EXERCISE DESCRIPTION
The answer should hold only the lines from the one that contains "Bräutigamnamen und Hochzeitsdatum." through the last line of the material, repeated exactly, without pictures.

DATA FOR THIS EXERCISE
+ + + + +

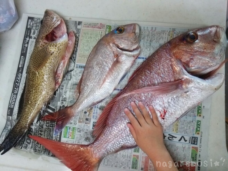 突然やって来た、スペシャルサイズの鯛とハタ。
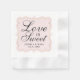 Elegante Hochzeitsservietteneigenschaft "Liebe ist süße" Skriptbenennung weich im Schwarzen mit einem errötenrosa und Gold einem farbigen dekorativen Rahmen. Personifizieren Sie das kundenspezifische Monogramm mit den Braut- und Bräutigamnamen und Hochzeitsdatum.
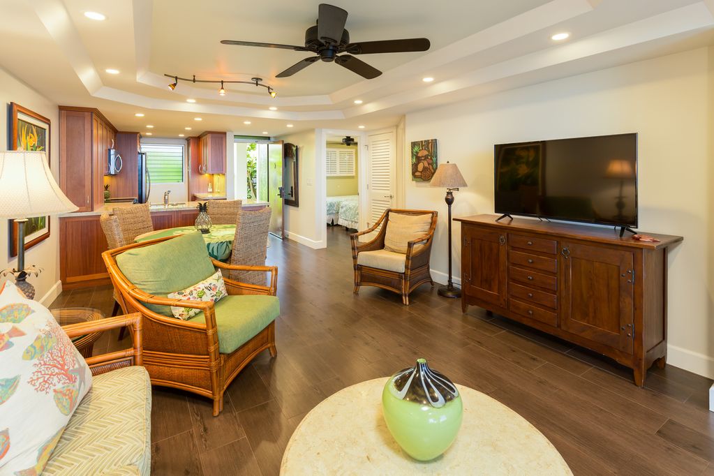 Our 2 BR apartment has been completely renovated with new furnishings and authentic Hawaiian hospitality. New LCD TV\'s in the Living Room (40 inch; Smart TV connected to the internet)(Blu-Ray Player), Master Bedroom (27 inch; w/Apple TV) and guest bedroom (27 inch; w/Apple TV). THREE LCD TV\'S TOTAL!
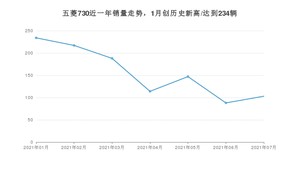 2021年7月,五菱730销量为103辆,同比下降61.57%,环比增长17.05%。1-7月份,五菱730销量为1091辆,同比增长3.31%。在最近1年中,五菱730销量在2021年01月达到最高,销量为234辆。
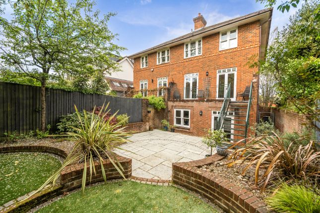 This beautifully presented semi-detached townhouse provides an excellent floor plan over three floors. The ground floor has a welcoming entrance hall with a cloakroom and stairs that rise to the upper floors. To the back of the house is a Kitchen/Breakfast Room re-fitted with a range of sleek white high gloss kitchen with slimline quartz countertops, twin ovens, induction hob, fridge, freezer and dishwasher and a peninsular unit with a breakfast bar. There is a window to the rear garden and French doors that open into the garden. The kitchen has a further range of units with an under-counter wine fridge. This space opens to the sitting/dining room, with a window to the front aspect. The first floor has a drawing room which is a spacious dual aspect room, with a Juliet balcony to the rear aspect. There is also a wall of bespoke fitted cupboards providing excellent storage. A double bedroom with adjacent cloakroom completes this floor. A turning staircase rises to the second floor with a side aspect window providing excellent natural light. There are three bedrooms: The principal having a refitted ensuite shower room, two further bedrooms are served by a family bathroom. The well screened front garden has a path to the front door. There is a south facing rear garden which is largely terraced for ease of maintenance with a small lawn, shrub borders, and a garden store. Gated access opens to two demised parking spaces.

+ + + + +

SOLVED EXERCISE
 Elegante Hochzeitsservietteneigenschaft "Liebe ist süße" Skriptbenennung weich im Schwarzen mit einem errötenrosa und Gold einem farbigen dekorativen Rahmen. Personifizieren Sie das kundenspezifische Monogramm mit den Braut- und Bräutigamnamen und Hochzeitsdatum.
 Our 2 BR apartment has been completely renovated with new furnishings and authentic Hawaiian hospitality. New LCD TV\'s in the Living Room (40 inch; Smart TV connected to the internet)(Blu-Ray Player), Master Bedroom (27 inch; w/Apple TV) and guest bedroom (27 inch; w/Apple TV). THREE LCD TV\'S TOTAL!
 2021年7月,五菱730销量为103辆,同比下降61.57%,环比增长17.05%。1-7月份,五菱730销量为1091辆,同比增长3.31%。在最近1年中,五菱730销量在2021年01月达到最高,销量为234辆。
 This beautifully presented semi-detached townhouse provides an excellent floor plan over three floors. The ground floor has a welcoming entrance hall with a cloakroom and stairs that rise to the upper floors. To the back of the house is a Kitchen/Breakfast Room re-fitted with a range of sleek white high gloss kitchen with slimline quartz countertops, twin ovens, induction hob, fridge, freezer and dishwasher and a peninsular unit with a breakfast bar. There is a window to the rear garden and French doors that open into the garden. The kitchen has a further range of units with an under-counter wine fridge. This space opens to the sitting/dining room, with a window to the front aspect. The first floor has a drawing room which is a spacious dual aspect room, with a Juliet balcony to the rear aspect. There is also a wall of bespoke fitted cupboards providing excellent storage. A double bedroom with adjacent cloakroom completes this floor. A turning staircase rises to the second floor with a side aspect window providing excellent natural light. There are three bedrooms: The principal having a refitted ensuite shower room, two further bedrooms are served by a family bathroom. The well screened front garden has a path to the front door. There is a south facing rear garden which is largely terraced for ease of maintenance with a small lawn, shrub borders, and a garden store. Gated access opens to two demised parking spaces.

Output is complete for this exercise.